The Rushden Echo, 2nd July 1965, transcribed By Jim Hollis
‘Acute’ Staff Shortage at Rushden Hospital
Rushden Hospital is playing an increasingly important part in the off-loading of cases from main general hospitals in the Kettering Management group, but if the present acute staff shortage continues it is likely that the hospital will have to reduce the number of beds available for patients and limit its scope to tubercular and bronchial sufferers.
The long standing shortage of untrained and trained staff at the hospital has been aggravated in the past week by illness among the former, leaving only one of them on duty at the weekend.
This has caused the hospital to close its doors to further patients and Dr. O. E. Fisher, Consultant Chest Physician at the hospital, said they had had to turn down four possible admissions from Kettering because of this.
Matron Mrs. B. Ward explained: “The situation has become far more acute since we started taking in chest cases in addition to tuberculosis.
Untrained
Dr. Fisher said the immediate problem was probably easing a little and the Matron agreed that she now had three of the untrained staff who were off ill working again.
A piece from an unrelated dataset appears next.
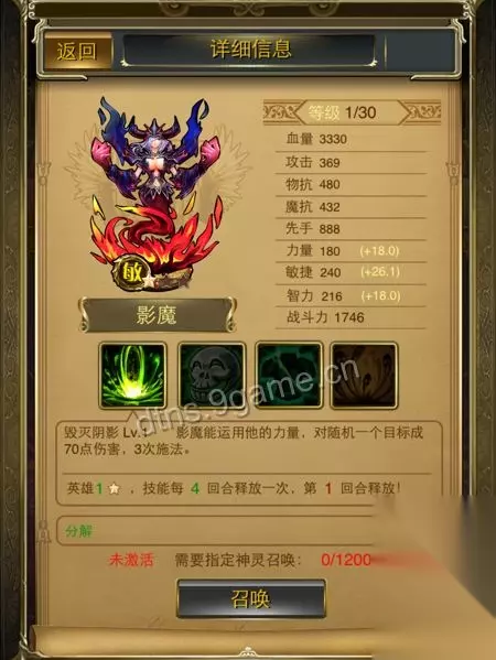影魔强大的输出背后,比较血薄脆皮是他的缺点。超高的普攻以及物抗都足以让他站在团队3、4号位,屹立不倒。 有关于影魔的技能: 毁灭阴影(16级):三次施法(随机对3个目标施法,算群攻吧),随机目标790伤害,4回合释放一次,第一回合释放。有胜于无。 支配死灵(16级):增加210点攻击力(属于变态型被动技能)。 魔王降临(16级):减少对面前两排单位350点护甲(群体减防,可以堪比大鱼人点灯技能了)。 魂之挽歌(10级):对前两排造成5060点伤害,并降低先手值20%和攻击力15%持续1回合,每11回合释放一次,第2回合释放(强力大招,最高爆发点)。 我只能说,为了影魔的大招,我愿意将他从“小”培养起来。基础攻击还可以,物抗魔抗相当好,就是血量有点少。在很多时候,影魔摇一个大招下去,再配合冰女的大招以及飞机的技能,基本上前排就被扫干净了。所以我定位影魔是标准的主力输出,稳坐敏捷型领军人物。

It seems that the root of the trouble at the hospital is getting hold of trained nurses. No amount of advertising in the nursing Press and locally has produced a response and the situation is now being discussed by the hospital management committee.
There are ten full-time nurses at the hospital and the duty rota for part time staff has to be worked out something like this; five staff two nights a week, three working three nights a week and one for one night a week. This means that with careful planning and co-operation and nobody sick it would be possible for three of these untrained staff to be working on each day of the week except one.
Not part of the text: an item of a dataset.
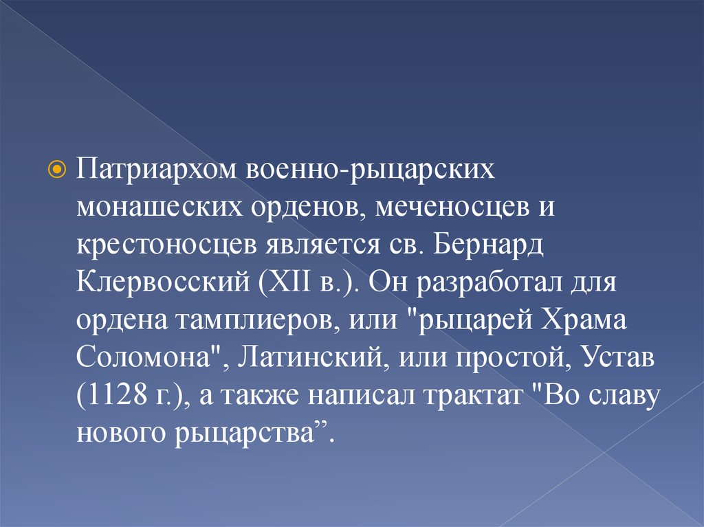 Патриархом военно-рыцарскихмонашеских орденов, меченосцев и

Dr. Fisher explained: “We are unable to recruit anyone because the nursing demands are far heavier now than they were in the days when we just admitted tubercular cases.
More Nurses
“If we are not able to get more nurses and the increase in patients continues we shall have to consider reducing the number of in-patients to those with tuberculosis and short-term chest investigation cases.”
He emphasised that the hospital would be extremely reticent to do this and it was not likely to happen in the near future. It was an extreme retrograde step but nevertheless one that might have to be taken.
In 1954 total admissions at the hospital were 176; of these 154 were tuberculosis cases. Total admissions last year had risen to 319 but only 72 of these were tuberculosis cases. The hospital has 71 beds and eleven for skin cases.
The shortage of staff at the hospital was first referred to by Mr. A. C. A. Colton, chairman of Rushden TB After Care Committee, when he appealed for more staff at the annual dinner of the Rushden Factories and Works Darts League last Friday.